This project is a tool that was developed as part of a Master's thesis in cooperation with the University Clinic of Psychoanalysis and Psychotherapy of Vienna. It is based on the Whisper automatic speech recogniton system and is embedded into a Streamlit Web App.
- Streamlit UI: The tool includes a user-friendly interface that allows you to upload multiple audio files and get a nicely formated transcript.
- Pause detection: The tool can detect pauses in the audio.
- Confidence scores: The tool can color the words according to its probability and display the average score.
- Translation to english
- Speaker detection: not available
- Whisper is used locally as well as offline (no internet connection needed)

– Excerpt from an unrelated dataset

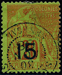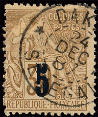 n°2 , 5 sur 30c brun, surcharge type II, TB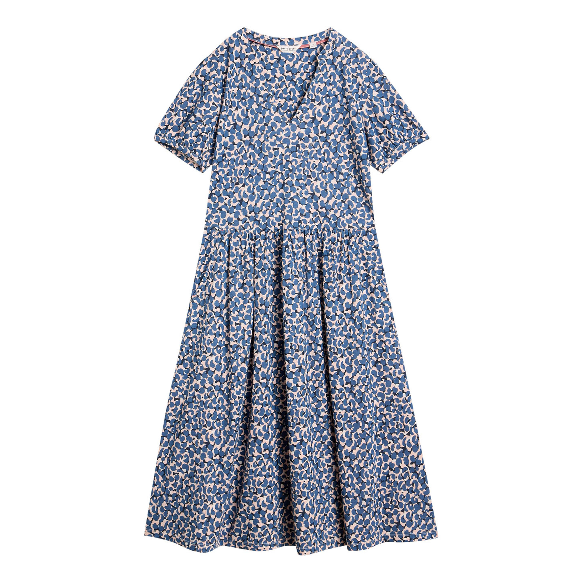 - Jersey fabric, printed, pockets, V-neckline, gathered elasticated waistband, full skirt, gathered sleeves

- Nothing is being uploaded to the cloud
- Therefore safe clinical use
To use this tool, you will need to install the required dependencies and run the Streamlit app. You can do this by following these steps:
- Clone the repository: git clone https://github.com/jojojaeger/whisper-streamlit
- Install prerequisites: Python, Pip, Git, PyTorch (pip install torch torchvision torchaudio)
- Install dependencies: pip install -r requirements.txt
- Run the Streamlit app: streamlit run Transcribe.py (you can also launch it from a desktop shortcut following these instructions: https://discuss.streamlit.io/t/launching-streamlit-webapp-from-desktop-shortcut/26297)
- Upload one or multiple audio files
- Select a model (large for the best result) and set additional parameters
- Download the resulting transcript (also saved to local transcripts-folder)
- Error: Request failed with status code 403 -> run the app with "--server.enableWebsocketCompression=false"
If you have any questions or feedback about this project, please feel free to contact us by email at [email protected].
This project includes code from multiple different sources, each licensed under the MIT License:
- [Source A] (https://github.com/openai/whisper)
- [Source A] (https://github.com/pyannote/pyannote-audio)
- [Source C] (https://github.com/hayabhay/whisper-ui)
See the LICENSE file for the full text of the licenses.